[[ Input open ]]
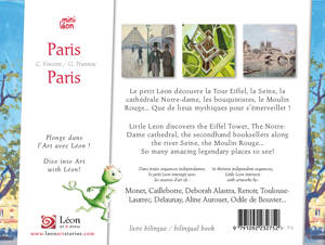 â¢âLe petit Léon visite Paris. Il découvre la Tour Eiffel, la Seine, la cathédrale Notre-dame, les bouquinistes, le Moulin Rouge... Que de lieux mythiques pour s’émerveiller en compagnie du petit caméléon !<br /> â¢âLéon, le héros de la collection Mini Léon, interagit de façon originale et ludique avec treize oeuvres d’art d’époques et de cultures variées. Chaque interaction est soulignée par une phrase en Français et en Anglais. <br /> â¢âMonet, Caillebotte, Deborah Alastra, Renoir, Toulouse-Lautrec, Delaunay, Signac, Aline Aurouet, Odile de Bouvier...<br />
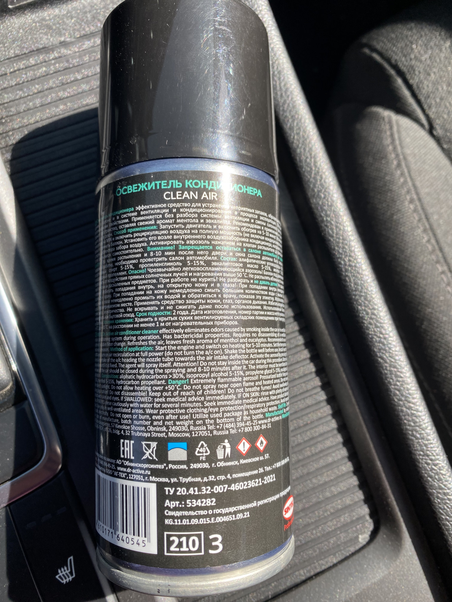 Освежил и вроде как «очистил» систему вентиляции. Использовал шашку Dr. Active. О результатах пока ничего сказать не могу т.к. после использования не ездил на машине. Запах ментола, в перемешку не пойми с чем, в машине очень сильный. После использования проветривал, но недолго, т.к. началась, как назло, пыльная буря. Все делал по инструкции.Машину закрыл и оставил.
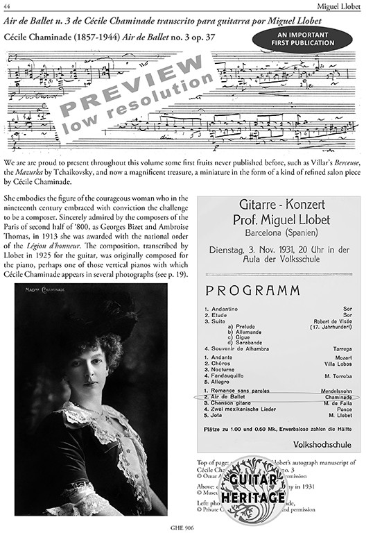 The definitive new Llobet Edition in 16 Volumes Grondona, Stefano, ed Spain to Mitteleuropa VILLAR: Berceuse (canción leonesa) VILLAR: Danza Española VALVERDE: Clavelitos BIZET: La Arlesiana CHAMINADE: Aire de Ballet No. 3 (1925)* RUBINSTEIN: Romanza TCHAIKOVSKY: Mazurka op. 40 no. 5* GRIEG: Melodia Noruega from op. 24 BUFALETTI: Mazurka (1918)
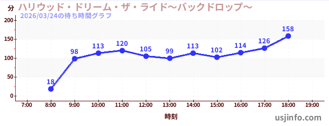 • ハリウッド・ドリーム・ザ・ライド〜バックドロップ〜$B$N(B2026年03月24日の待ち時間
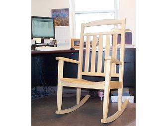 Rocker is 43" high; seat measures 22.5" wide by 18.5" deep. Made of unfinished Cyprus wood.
[[ Input closed ]]
▶ _Exercise_:
Each record should be printed again precisely, though not its pictures.

▶ _Solution below_:
 â¢âLe petit Léon visite Paris. Il découvre la Tour Eiffel, la Seine, la cathédrale Notre-dame, les bouquinistes, le Moulin Rouge... Que de lieux mythiques pour s’émerveiller en compagnie du petit caméléon !<br /> â¢âLéon, le héros de la collection Mini Léon, interagit de façon originale et ludique avec treize oeuvres d’art d’époques et de cultures variées. Chaque interaction est soulignée par une phrase en Français et en Anglais. <br /> â¢âMonet, Caillebotte, Deborah Alastra, Renoir, Toulouse-Lautrec, Delaunay, Signac, Aline Aurouet, Odile de Bouvier...<br />
 Освежил и вроде как «очистил» систему вентиляции. Использовал шашку Dr. Active. О результатах пока ничего сказать не могу т.к. после использования не ездил на машине. Запах ментола, в перемешку не пойми с чем, в машине очень сильный. После использования проветривал, но недолго, т.к. началась, как назло, пыльная буря. Все делал по инструкции.Машину закрыл и оставил.
 The definitive new Llobet Edition in 16 Volumes Grondona, Stefano, ed Spain to Mitteleuropa VILLAR: Berceuse (canción leonesa) VILLAR: Danza Española VALVERDE: Clavelitos BIZET: La Arlesiana CHAMINADE: Aire de Ballet No. 3 (1925)* RUBINSTEIN: Romanza TCHAIKOVSKY: Mazurka op. 40 no. 5* GRIEG: Melodia Noruega from op. 24 BUFALETTI: Mazurka (1918)
 • ハリウッド・ドリーム・ザ・ライド〜バックドロップ〜$B$N(B2026年03月24日の待ち時間
 Rocker is 43" high; seat measures 22.5" wide by 18.5" deep. Made of unfinished Cyprus wood.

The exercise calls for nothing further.